| What to work on |
When the line containing "InWearin laskostetussa midimekossa" appears in the entries below, begin printing there and stop after the line containing "Так вы сами"; print each of those lines exactly and no other line.

| Source data |

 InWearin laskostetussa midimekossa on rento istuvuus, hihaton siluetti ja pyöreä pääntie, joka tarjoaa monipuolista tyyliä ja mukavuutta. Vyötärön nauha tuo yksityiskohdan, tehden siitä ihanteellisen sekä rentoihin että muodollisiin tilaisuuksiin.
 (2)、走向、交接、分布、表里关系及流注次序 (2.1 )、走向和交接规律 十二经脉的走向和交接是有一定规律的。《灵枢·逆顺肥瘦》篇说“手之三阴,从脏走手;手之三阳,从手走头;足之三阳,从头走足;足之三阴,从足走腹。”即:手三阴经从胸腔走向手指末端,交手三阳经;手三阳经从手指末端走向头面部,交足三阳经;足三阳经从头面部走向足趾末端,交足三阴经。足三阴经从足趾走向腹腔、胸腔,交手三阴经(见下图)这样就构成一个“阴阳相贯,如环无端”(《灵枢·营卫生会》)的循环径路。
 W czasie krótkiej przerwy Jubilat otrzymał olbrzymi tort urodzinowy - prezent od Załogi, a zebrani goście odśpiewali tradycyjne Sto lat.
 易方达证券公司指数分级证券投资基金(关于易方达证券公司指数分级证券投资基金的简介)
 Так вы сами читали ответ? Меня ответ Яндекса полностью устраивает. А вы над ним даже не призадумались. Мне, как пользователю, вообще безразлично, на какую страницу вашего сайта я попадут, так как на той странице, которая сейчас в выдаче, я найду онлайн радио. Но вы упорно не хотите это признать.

* * *

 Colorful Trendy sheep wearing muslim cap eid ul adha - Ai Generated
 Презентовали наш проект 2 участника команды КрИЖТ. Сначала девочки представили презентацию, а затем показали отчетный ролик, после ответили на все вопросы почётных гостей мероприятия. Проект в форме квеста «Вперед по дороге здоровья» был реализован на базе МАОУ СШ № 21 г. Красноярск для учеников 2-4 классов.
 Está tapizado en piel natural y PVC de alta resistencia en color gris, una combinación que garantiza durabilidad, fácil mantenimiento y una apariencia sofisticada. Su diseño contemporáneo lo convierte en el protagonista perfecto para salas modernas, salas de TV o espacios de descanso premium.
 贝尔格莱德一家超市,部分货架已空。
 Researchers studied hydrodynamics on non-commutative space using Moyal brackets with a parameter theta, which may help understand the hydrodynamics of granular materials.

==

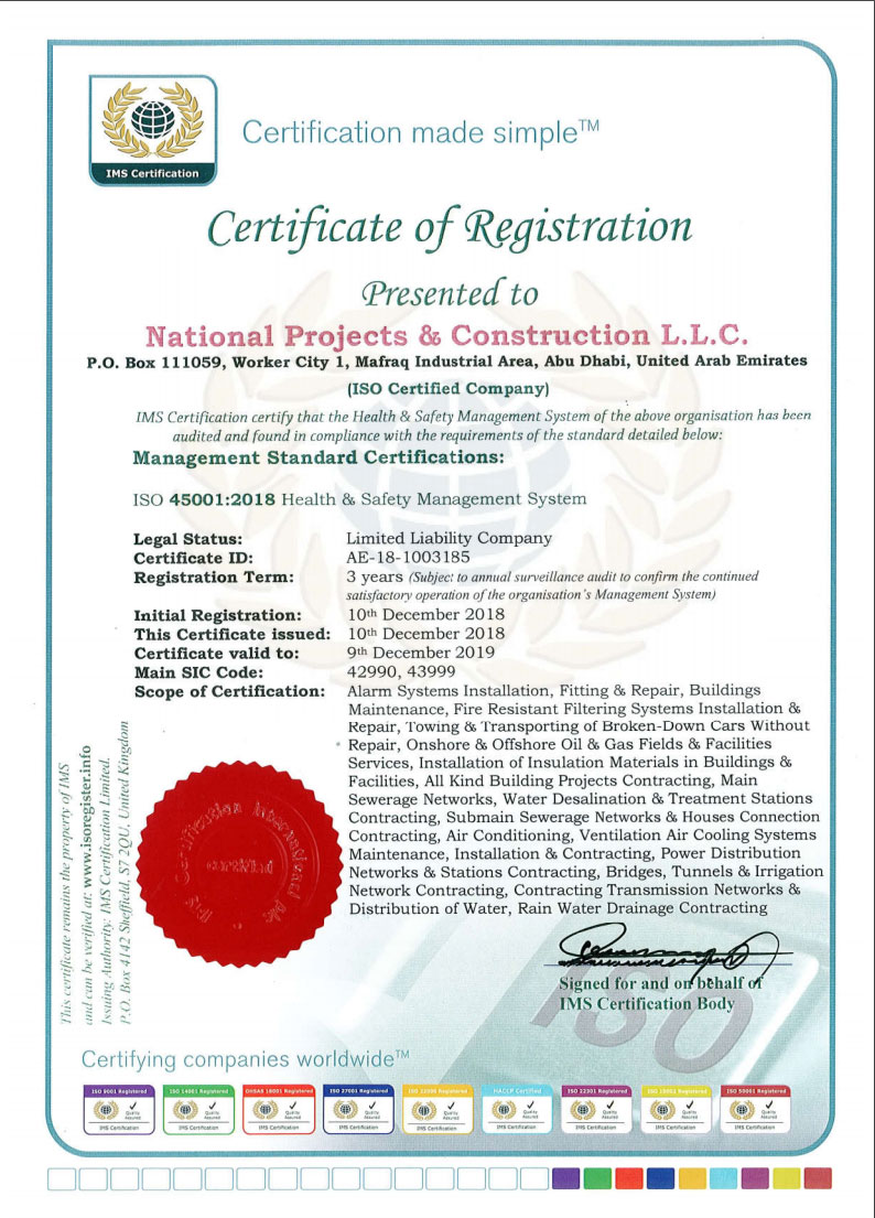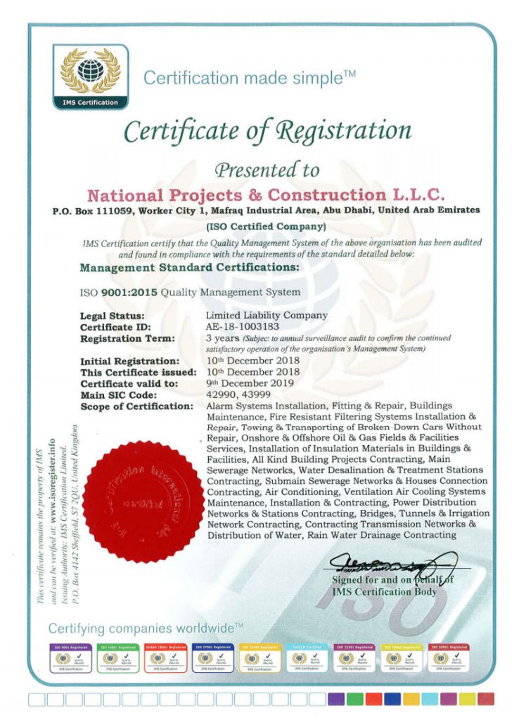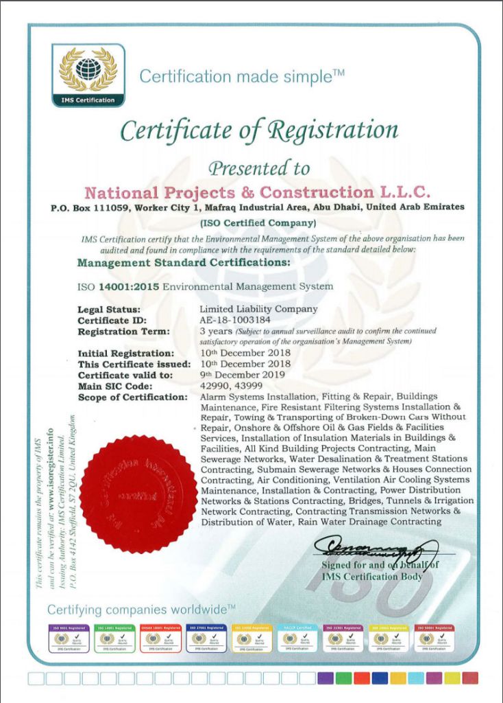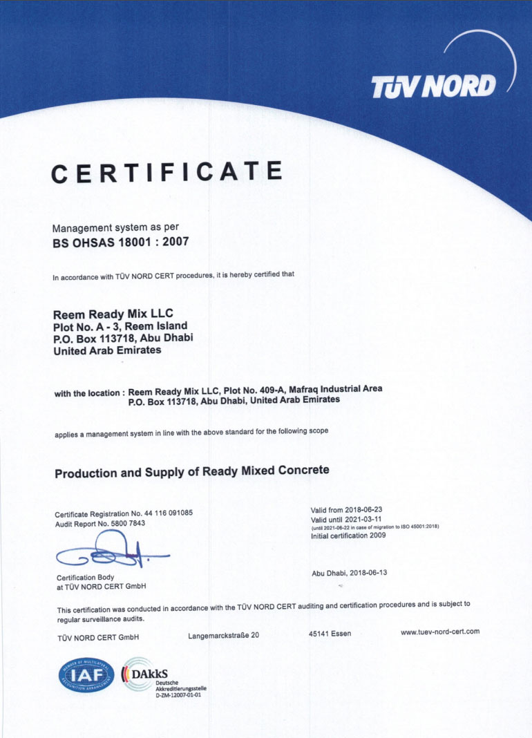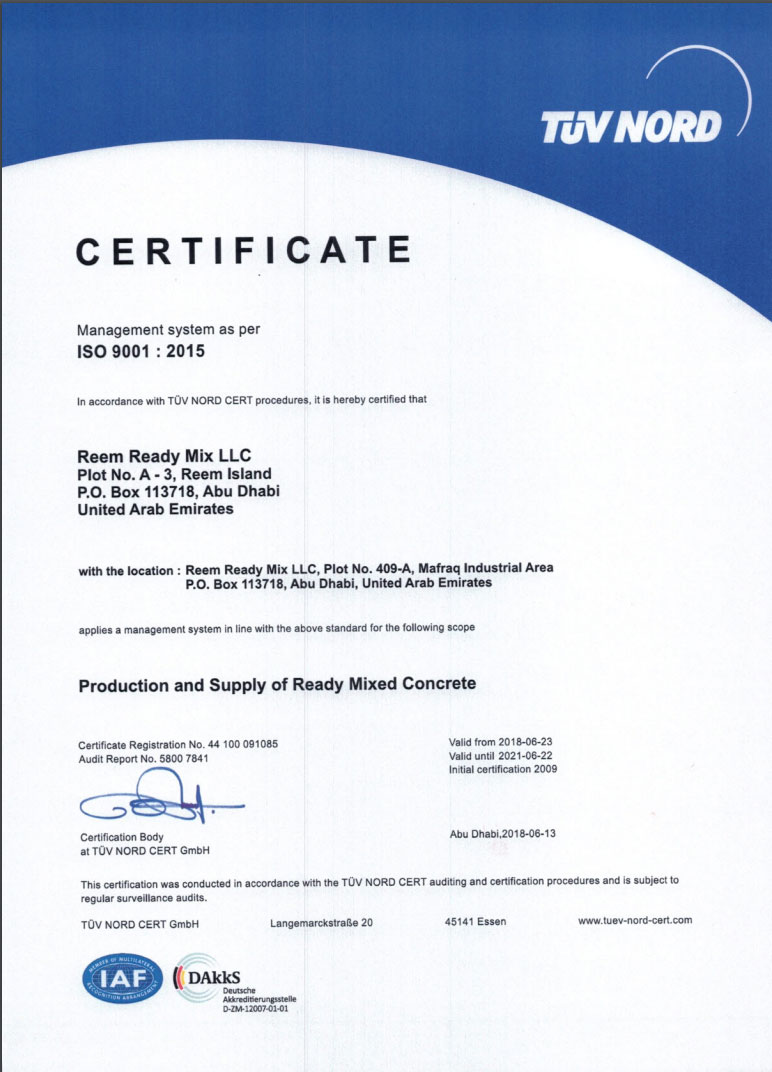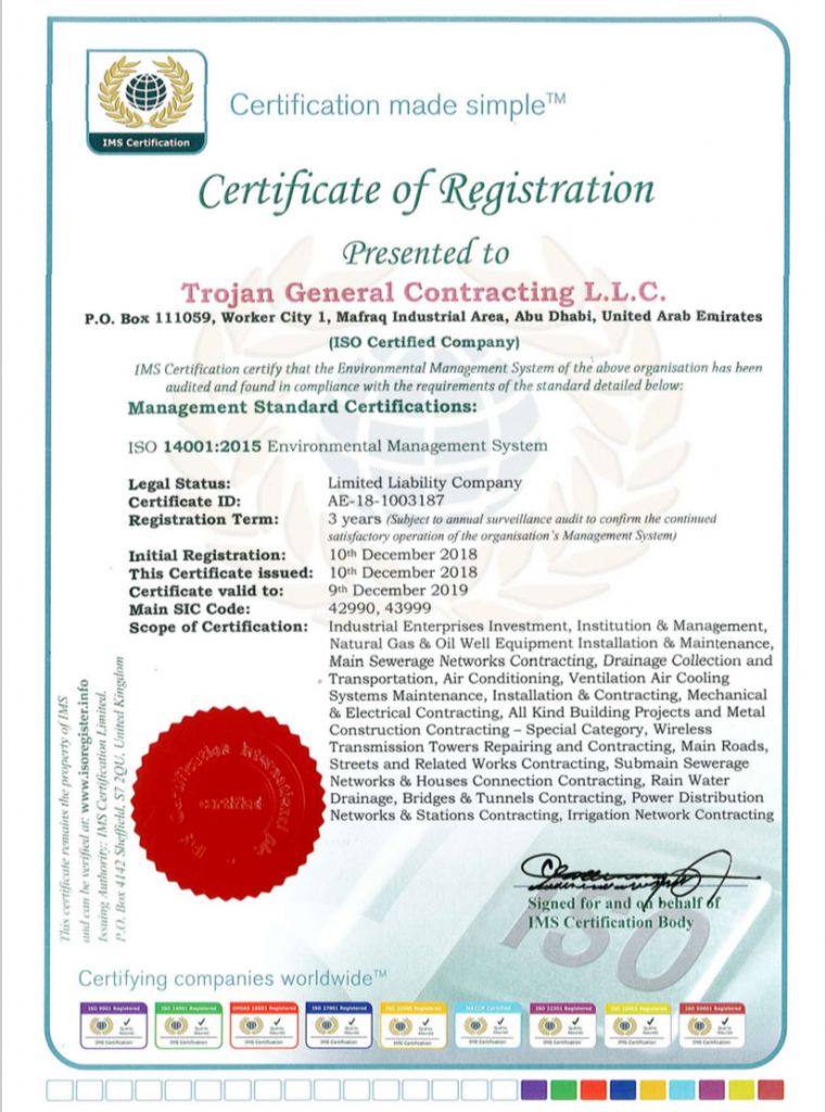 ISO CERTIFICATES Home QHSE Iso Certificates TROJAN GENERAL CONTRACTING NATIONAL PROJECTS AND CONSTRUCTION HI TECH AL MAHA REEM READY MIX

| Solution to this problem |
 InWearin laskostetussa midimekossa on rento istuvuus, hihaton siluetti ja pyöreä pääntie, joka tarjoaa monipuolista tyyliä ja mukavuutta. Vyötärön nauha tuo yksityiskohdan, tehden siitä ihanteellisen sekä rentoihin että muodollisiin tilaisuuksiin.
 (2)、走向、交接、分布、表里关系及流注次序 (2.1 )、走向和交接规律 十二经脉的走向和交接是有一定规律的。《灵枢·逆顺肥瘦》篇说“手之三阴,从脏走手;手之三阳,从手走头;足之三阳,从头走足;足之三阴,从足走腹。”即:手三阴经从胸腔走向手指末端,交手三阳经;手三阳经从手指末端走向头面部,交足三阳经;足三阳经从头面部走向足趾末端,交足三阴经。足三阴经从足趾走向腹腔、胸腔,交手三阴经(见下图)这样就构成一个“阴阳相贯,如环无端”(《灵枢·营卫生会》)的循环径路。
 W czasie krótkiej przerwy Jubilat otrzymał olbrzymi tort urodzinowy - prezent od Załogi, a zebrani goście odśpiewali tradycyjne Sto lat.
 易方达证券公司指数分级证券投资基金(关于易方达证券公司指数分级证券投资基金的简介)
 Так вы сами читали ответ? Меня ответ Яндекса полностью устраивает. А вы над ним даже не призадумались. Мне, как пользователю, вообще безразлично, на какую страницу вашего сайта я попадут, так как на той странице, которая сейчас в выдаче, я найду онлайн радио. Но вы упорно не хотите это признать.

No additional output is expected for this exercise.